Top of DATASET RECORDS

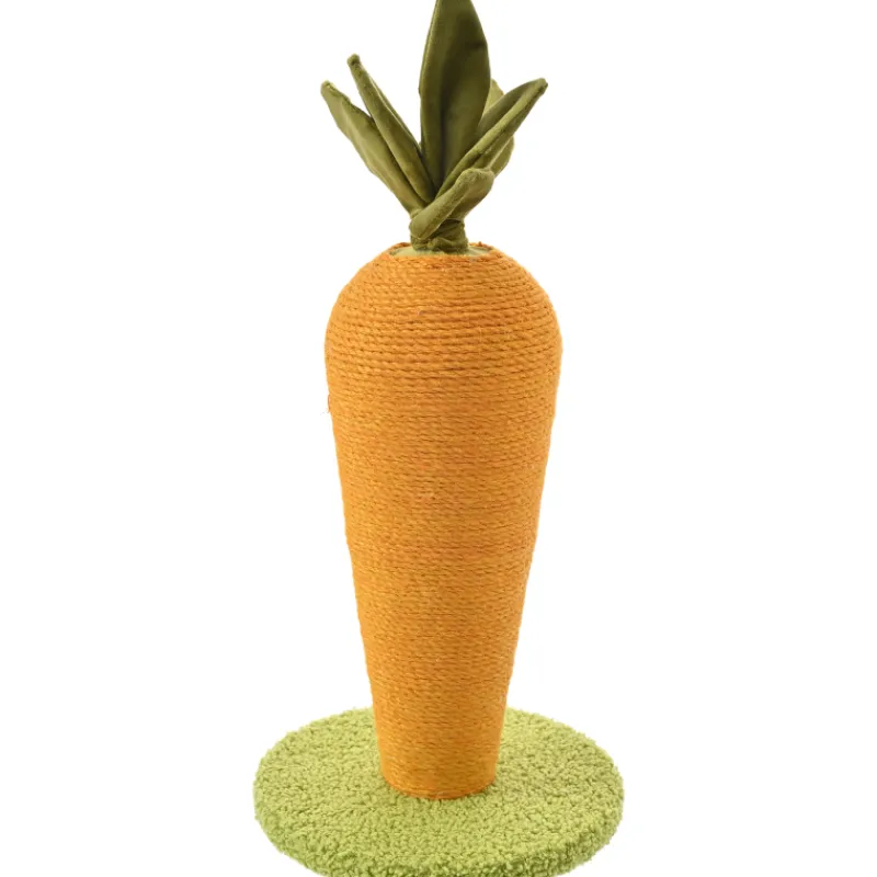 Porkkananmuotoinen raapimapuu tuo piristystä kotiin ja tarjoaa kissalle täydellisen paikan kynsien huoltoon. Raapimaporkkanassa on oranssi juuttinaru, kangastupsut ja vihreä pörröalusta.
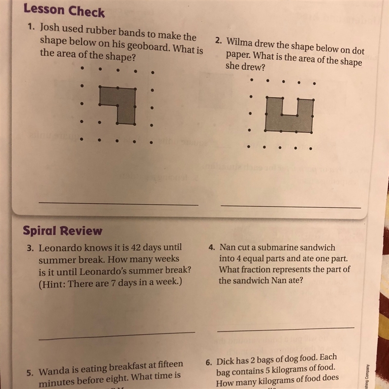 1. you can cut this in half to make a 2 by 3 rectangle and a 2 by 2 square. 2 times 2 is 4. 2 times 3 is 6. 6 plus 4 is 10 which is the area.
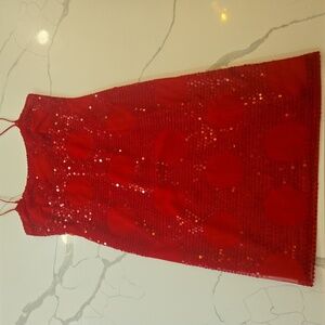 Kay Unger Sequins Polka Dot Sleeveless Slip Dress Womens Size 10 Red
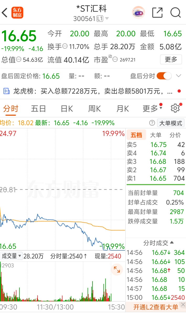 今天的走势在预料之中的预料之外,预料之中是跌10个点,是预料之中的,原因于近期的预摘帽股预告年报后,基本都是第二天以跌停收盘;预料之外的是今天跌停20个点的大长腿,洗盘过度!
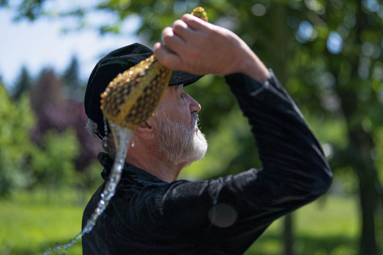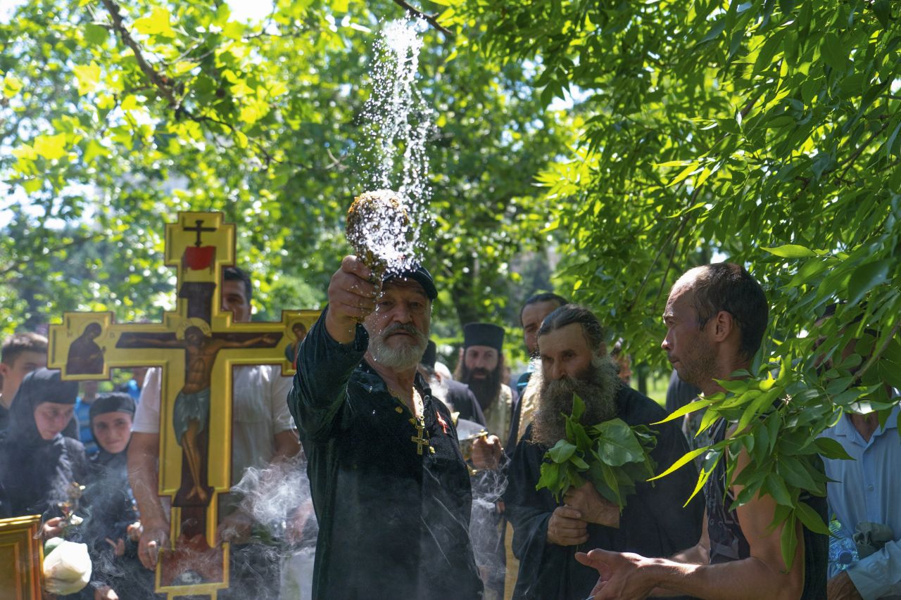 Gigi Becali a apărut cu o cruce uriașă și agheasmă pe Calea Victoriei, după Bucharest Pride. GALERIE FOTO

Bottom of DATASET RECORDS

EXERCISE PROMPT – Your copy should match the records above exactly, except that it contains no pictures.

WRITTEN RESPONSE –
 Porkkananmuotoinen raapimapuu tuo piristystä kotiin ja tarjoaa kissalle täydellisen paikan kynsien huoltoon. Raapimaporkkanassa on oranssi juuttinaru, kangastupsut ja vihreä pörröalusta.
 1. you can cut this in half to make a 2 by 3 rectangle and a 2 by 2 square. 2 times 2 is 4. 2 times 3 is 6. 6 plus 4 is 10 which is the area.
 Kay Unger Sequins Polka Dot Sleeveless Slip Dress Womens Size 10 Red
 今天的走势在预料之中的预料之外,预料之中是跌10个点,是预料之中的,原因于近期的预摘帽股预告年报后,基本都是第二天以跌停收盘;预料之外的是今天跌停20个点的大长腿,洗盘过度!
 Gigi Becali a apărut cu o cruce uriașă și agheasmă pe Calea Victoriei, după Bucharest Pride. GALERIE FOTO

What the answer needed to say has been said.